Полина вскипятила чайник и посадила детей за стол, В это время в комнату вошла соседка вместе с инженером из заводоуправления.

– Я пришел за Верой, – сказал инженер.

Толя испуганно схватился за сестренку и захныкал, Вслед за Толей заревела Вера.

– Крошка, а уже все понимает, – зашептала Поле соседка.

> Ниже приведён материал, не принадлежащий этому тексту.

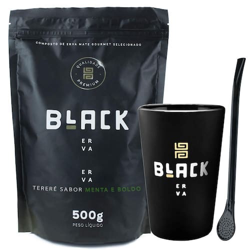 Kit Tereré Erva Menta E Boldo + Copo Preto + Bomba Preta Black Erva Erva Mate Tereré Black Erva 500g Sabor Menta E Boldo O Tereré possui efeito diurético, que colabora no processo de redução da gordura corporal. A bebida estimula o aumento o gasto energético dos consumidores, por proporcionar maior força muscular e, consequentemente, melhor desempenho nos treinos. Você irá se surpreender com sabor marcante e refrescante. A erva menta e boldo reúne o sabor e aroma incomparável da hortelã equilibrada com o sabor do boldo. Pacote com 500g com sistema zip lock para maior conservação do produto. Modo de Preparo: - Coloque 3/4 de Black Erva na guampa, cuia ou copo. - Incline e acomode a Black Erva sobre um lado da guampa, cuia ou copo. Deixe a bomba no local adequado. - Tome com água gelada a gosto e saboreie sua Black Erva. Consumir com água gelada para melhor aproveito do sabor. ESPECIFICAÇÕES TÉCNICAS: - Marca: Black Erva - Ilexx paraguariensis Erva Mate , Aroma Artificial de Menta Peperita, Pneumos Boldo - Padronização Erva Mate Folha 35% mínimo, outras partes do ramo 65% máximo - Não contém glúten Copo Cuia Para Terere Black Erva Preto Fosco 350ml Para você que quer apreciar uma deliciosa erva mate, sozinho ou com seus amigos, com essa cuia você vai fazer isso no maior estilo A cuia possui a aparência Preta com a estampa da marca Black Erva. Possui a superfície lisa e fácil de limpar. ESPECIFICAÇÕES TÉCNICAS: - Produto com ótimo acabamento - Resistente e com alta durabilidade - Material: Acrílico - Capacidade: 350ml - Altura: 11,5cm - Diâmetro Boca: 8cm - Peso: 60g Bomba Para Tereré E Chimarrão Tradicional Black Erva Preto A Black Erva é o novo conceito para terere no Brasil, com produtos de alta qualidade Essa bomba tradicional e prática possui grande durabilidade e é extremamente bonita. Pode ser Utilizado para o consumo de Erva Mate aonde você estiver: seja entre amigos, no trabalho ou em casa. ESPECIFICAÇÕES TÉCNICAS: - Material de alta qualidade e pintura epóxi um revestimento de alta resistência - É de fácil utilização e limpeza, não acumula cheiro ou resíduos - Anti entupimento - Medidas: 19 x 2 cm - Cor: Preto ITENS INCLUSOS: - 1x Erva Mate Tereré Black Erva 500g Sabor Menta E Boldo - 1x Copo Cuia Para Terere Black Erva Preto Fosco 350ml - 1x Bomba Para Tereré E Chimarrão Tradicional Black Erva Preto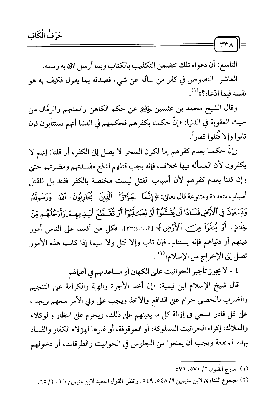 (¬٢) مجموع الفتاوى لابن عثيمين ٩/ ٥٤٨، ٥٤٩. وانظر: القول المفيد لابن عثيمين ط ١ - ٢/ ٦٥.

– Я бы взял их вместе, да тесно у нас в квартире, – извинился инженер.

Полина и сейчас не понимает, как это произошло. Робкая, застенчивая по натуре, она на этот раз точно преобразилась. Встала и твердо сказала инженеру:

– Взяли бы, а кто вам даст?

– Как кто? Этот вопрос согласован с завкомом.

Полина схватила шаль и выскочила на улицу. И вот она уже целый час упрашивает Валентину Иринарховну доверить воспитание детей ей:

– Я буду им вместо родной матери.

А этой матери на вид не больше двадцати лет. Полина видит в глазах у председателя недоверие и говорит:

– Вы не смотрите, что я ростом маленькая. Я сильная. Работы не боюсь.

Это верно, Полина Калядина – человек трудолюбивый. Она работает с юных лет, и неплохо. В ее трудовой книжке записано несколько благодарностей.

«Но ведь то Москва, – думает председатель завкома. – Живет девушка в доме со всеми удобствами. Лифт, газ, ванна,,»

– Ой, да я уеду из Москвы. Буду жить здесь, работать на вашем заводе.

Валентина Иринарховна слушает Полину и вспоминает свои комсомольские годы; для нее тогда тоже не было ни сложных проблем, ни непреодолимых препятствий. Все было ясно, просто. Все вот так же рубилось сплеча: быстро, искренне, горячо. Председателю завкома нравилась и сама девушка и ее настойчивость, но вместе с тем Архипова не спешила с окончательным ответом.

– Ты пока поживи с детьми, – сказала она Полине. – Попривыкни к ним, а я поговорю в горсовете.

Поначалу работникам горсовета понравилось предложение Полины Калядиной.

– О чем толковать? Конечно, в одной семье детям будет лучше. И раз есть такой героический человек, который не боится усыновить трех сирот сразу, ведите его скорее сюда.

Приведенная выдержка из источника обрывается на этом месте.